The regression output is given below

 SUMMARY OUTPUT Regression Statistics Multiple R 0.88 R Square 0.78 Adjusted R Square 0.77 Standard Error 3316.00 Observations 115.00

 ANOVA df SS MS F Significance F Regression 1.00 4307212746.58 4307212746.58 391.71 0.00 Residual 113.00 1242534410.41 10995879.74 Total 114.00 5549747156.99 Coefficients Standard Error t Stat P-value Lower 95% Upper 95% Intercept 25292.72 554.91 45.58 0.00 24193.34 26392.11 Age -1390.91 70.28 -19.79 0.00 -1530.14 -1251.68

The regression equation is

Price = 25292.72 - 1390.91 * Age

Coefficient of Determination = 0.78

Dependent variable variation explained from the model = 78%

Unexplained variation = 22%

Here, we see that the model is good fit in predicting the price of used cars using Age as independent variable. Regarding the relationship between age and price of used cars, it is seen that the relationship is very strong and negative (correlation coefficient = - 0.9194, p - value = 0.000 < 0.05). This indicates that as the age of the car increases, then there is a significant drop in the price of the cars.

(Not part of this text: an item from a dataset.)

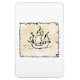 This pirate ship galleon design was sketched using a graphics tablet, to give an effect similar to a black ink drawing. The flat printed image has a look of an old piece of paper or parchment. The ship design and parchment pattern background, with a look of burned edges, is a digital art image with a nautical theme. The design on this item is a flat, printed design, not raised or textured.

Question 5 - Multiple Linear Regression Model - Calculating the multiple regression equation, multiple correlation coefficient, and coefficient of multiple determination.

Interpreting the values of the multiple regression coefficients.

Interpreting the values of the multiple correlation coefficient and coefficient of multiple determination. Compare these values with the corresponding values for the simple linear regression model.

Dependent Variable: Price

Independent Variable: Age, Odometer (kms) and Transmission

The multiple regression output is given below

 SUMMARY OUTPUT Regression Statistics Multiple R 0.882 R Square 0.778 Adjusted R Square 0.772 Standard Error 3333.440 Observations 115.000

 ANOVA df SS MS F Significance F Regression 3.000 4316335014.541 1438778338.180 129.482 0.000 Residual 111.000 1233412142.451 11111821.103 Total 114.000 5549747156.991 Coefficients Standard Error t Stat P-value Lower 95% Upper 95% Intercept 24702.362 858.535 28.773 0.000 23001.117 26403.608 Age -1362.512 141.809 -9.608 0.000 -1643.517 -1081.507 Odometer (kms) 0.000 0.008 -0.009 0.993 -0.015 0.015 Transmission 639.346 705.687 0.906 0.367 -759.019 2037.712

The regression equation is

Price = 24702.36 - 1362.51 * Age - 0.0001 * Odometer + 639.35 * Transmission

The coefficient of determination is 0.778, indicating that 77.8% of the variation in price is explained by the regression model and the remaining 22.2% left unexplained.

On comparing the simple linear regression and multiple linear regression models, we see that there is no much difference in the coefficient of determination between these two models. Thus, we can conclude that the simple linear regression model is the best as it explains more variation of price with single independent variable when compared to that of multiple linear regression models.

The t test for significance of slope was used to test whether the independent variable is a significant predictor of dependent variable price. From the above regression output, we see that

1. Age is a significant predictor of price of used cars (t test statistic = - 9.61, p - value < 0.05).

2. Odometer is insignificant predictor of price of used cars (t test statistic = -0.009, p - value 0.993 > 0.05).

3. Transmission - Automatic is insignificant predictor of price of used cars (t test statistic = 0.906, p - value 0.367 > 0.05).